=== Task details ===
The whole listing below must be printed again exactly, images excluded.
---------- Given data
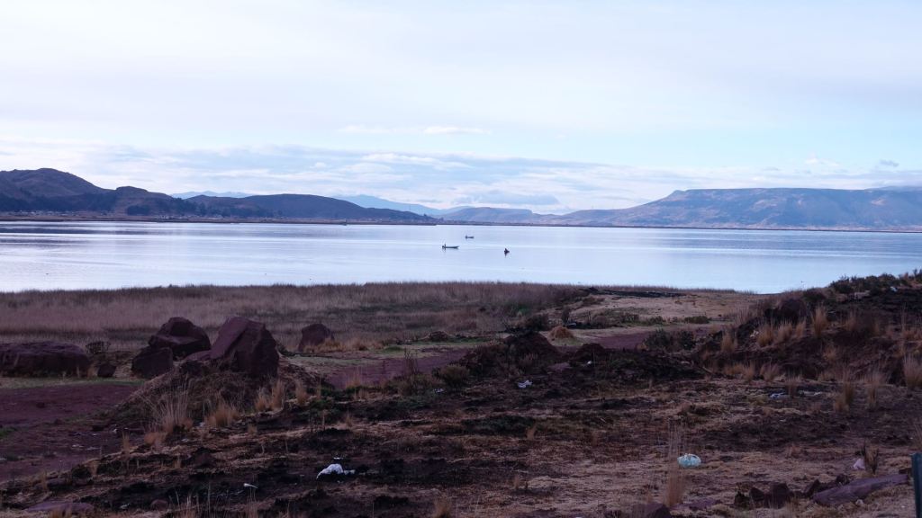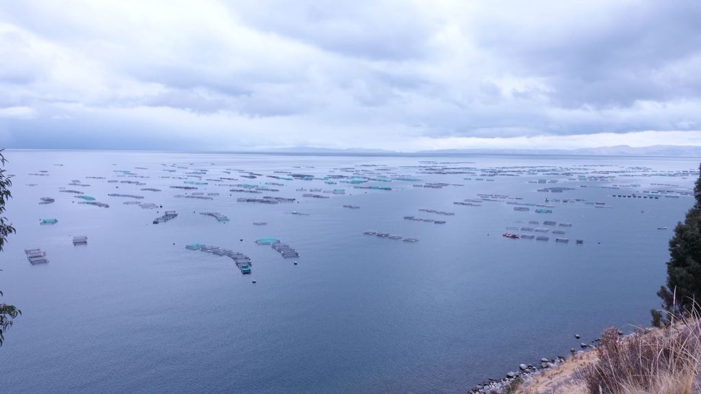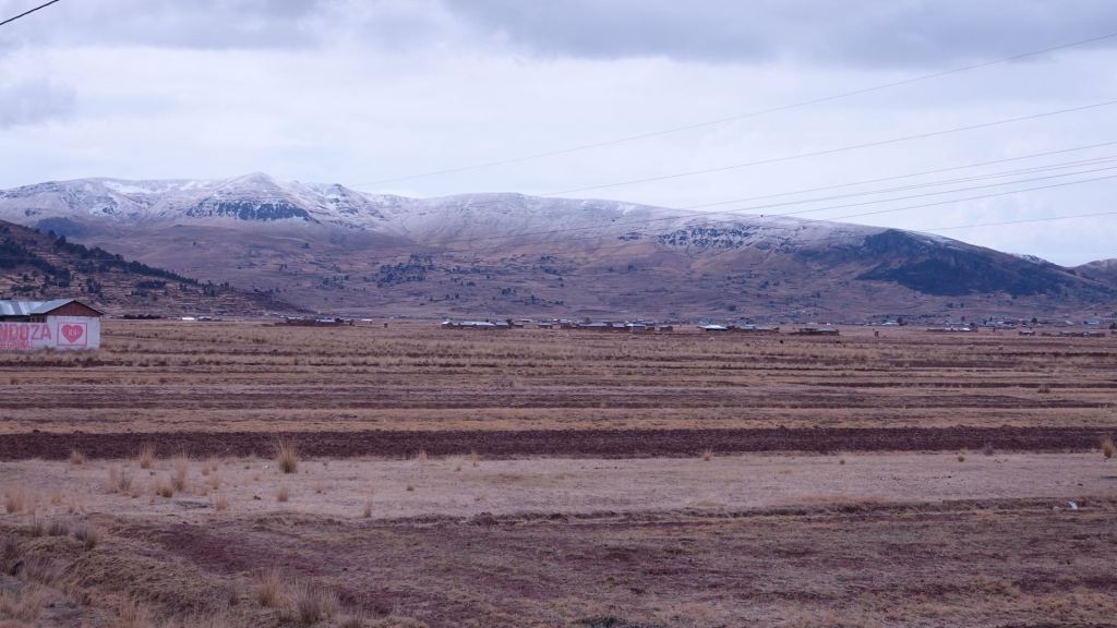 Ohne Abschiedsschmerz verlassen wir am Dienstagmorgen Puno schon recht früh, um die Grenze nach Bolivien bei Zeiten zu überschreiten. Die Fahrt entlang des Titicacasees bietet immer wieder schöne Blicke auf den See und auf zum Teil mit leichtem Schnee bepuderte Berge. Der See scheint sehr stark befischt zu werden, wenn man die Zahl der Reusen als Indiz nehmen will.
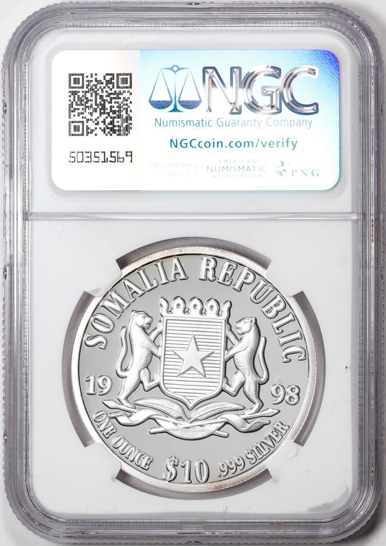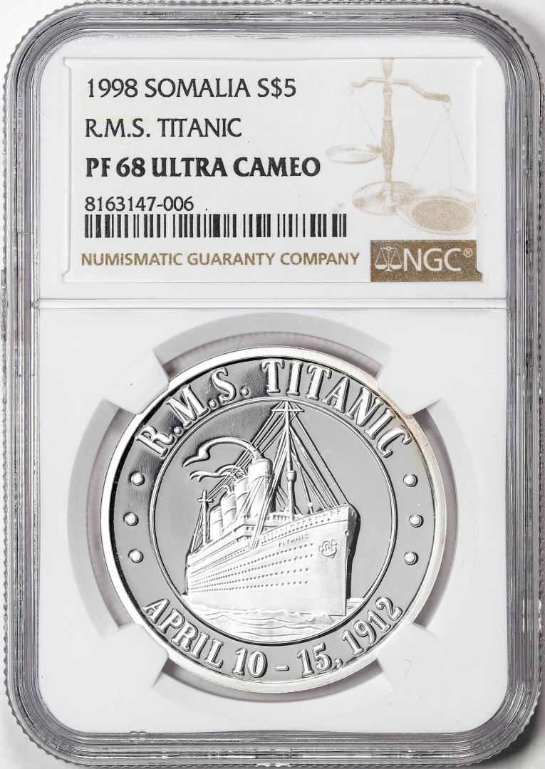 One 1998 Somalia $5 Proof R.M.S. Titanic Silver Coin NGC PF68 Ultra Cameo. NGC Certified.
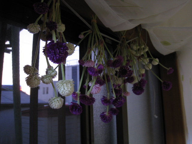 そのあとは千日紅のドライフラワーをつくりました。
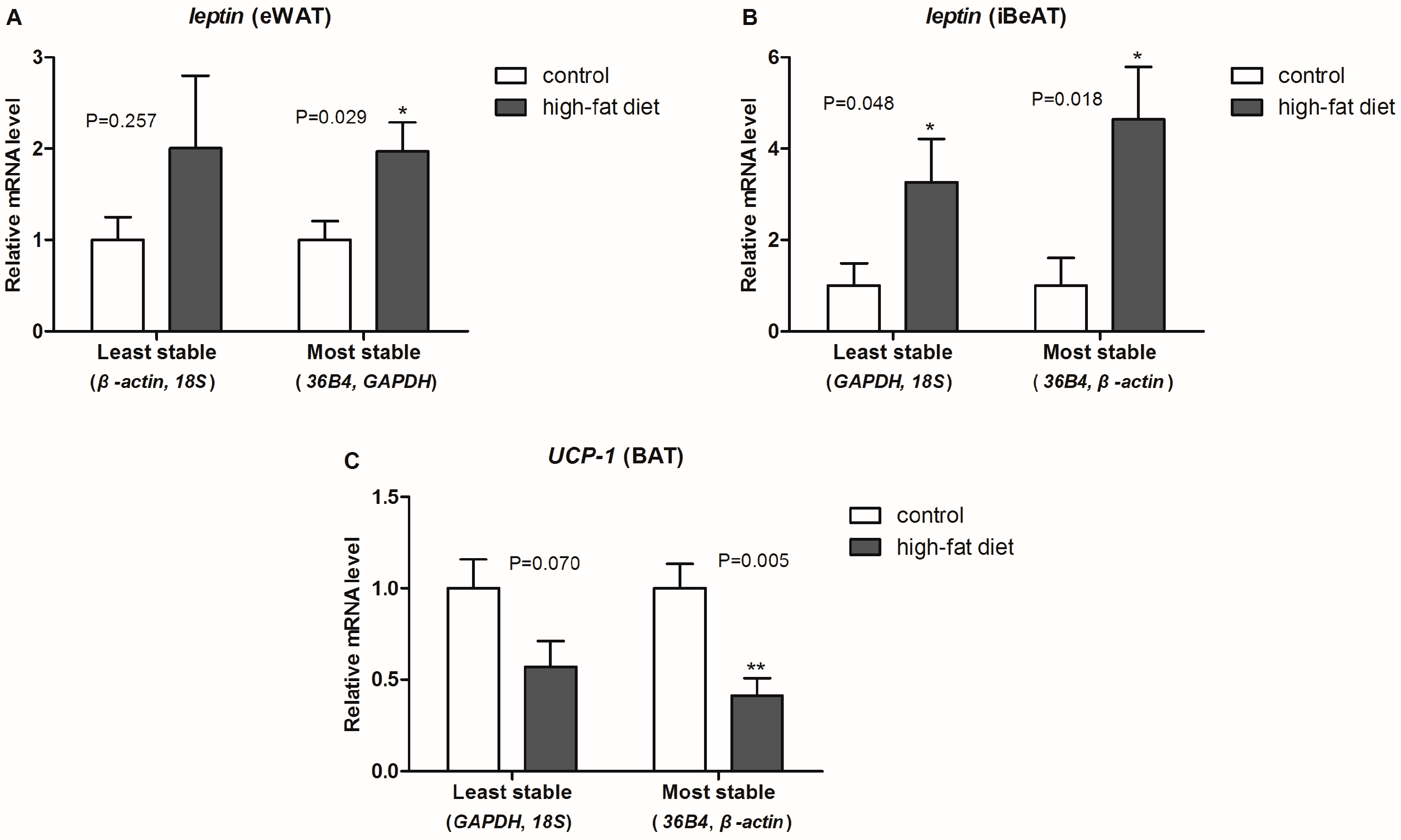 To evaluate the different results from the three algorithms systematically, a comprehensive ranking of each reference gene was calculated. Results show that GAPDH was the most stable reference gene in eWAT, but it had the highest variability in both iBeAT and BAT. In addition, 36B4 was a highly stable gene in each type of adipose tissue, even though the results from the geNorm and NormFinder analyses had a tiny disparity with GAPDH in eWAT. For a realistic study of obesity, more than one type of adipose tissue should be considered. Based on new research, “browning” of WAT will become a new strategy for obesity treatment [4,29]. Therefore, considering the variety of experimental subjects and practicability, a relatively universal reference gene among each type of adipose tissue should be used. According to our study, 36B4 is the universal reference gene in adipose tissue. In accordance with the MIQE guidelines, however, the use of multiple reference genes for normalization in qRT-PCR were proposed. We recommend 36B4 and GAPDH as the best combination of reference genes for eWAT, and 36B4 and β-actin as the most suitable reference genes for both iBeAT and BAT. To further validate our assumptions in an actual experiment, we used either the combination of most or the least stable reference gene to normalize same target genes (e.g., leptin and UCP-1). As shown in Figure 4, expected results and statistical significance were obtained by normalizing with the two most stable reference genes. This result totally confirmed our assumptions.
--------------------
=== Completed task ===
 Ohne Abschiedsschmerz verlassen wir am Dienstagmorgen Puno schon recht früh, um die Grenze nach Bolivien bei Zeiten zu überschreiten. Die Fahrt entlang des Titicacasees bietet immer wieder schöne Blicke auf den See und auf zum Teil mit leichtem Schnee bepuderte Berge. Der See scheint sehr stark befischt zu werden, wenn man die Zahl der Reusen als Indiz nehmen will.
 One 1998 Somalia $5 Proof R.M.S. Titanic Silver Coin NGC PF68 Ultra Cameo. NGC Certified.
 そのあとは千日紅のドライフラワーをつくりました。
 To evaluate the different results from the three algorithms systematically, a comprehensive ranking of each reference gene was calculated. Results show that GAPDH was the most stable reference gene in eWAT, but it had the highest variability in both iBeAT and BAT. In addition, 36B4 was a highly stable gene in each type of adipose tissue, even though the results from the geNorm and NormFinder analyses had a tiny disparity with GAPDH in eWAT. For a realistic study of obesity, more than one type of adipose tissue should be considered. Based on new research, “browning” of WAT will become a new strategy for obesity treatment [4,29]. Therefore, considering the variety of experimental subjects and practicability, a relatively universal reference gene among each type of adipose tissue should be used. According to our study, 36B4 is the universal reference gene in adipose tissue. In accordance with the MIQE guidelines, however, the use of multiple reference genes for normalization in qRT-PCR were proposed. We recommend 36B4 and GAPDH as the best combination of reference genes for eWAT, and 36B4 and β-actin as the most suitable reference genes for both iBeAT and BAT. To further validate our assumptions in an actual experiment, we used either the combination of most or the least stable reference gene to normalize same target genes (e.g., leptin and UCP-1). As shown in Figure 4, expected results and statistical significance were obtained by normalizing with the two most stable reference genes. This result totally confirmed our assumptions.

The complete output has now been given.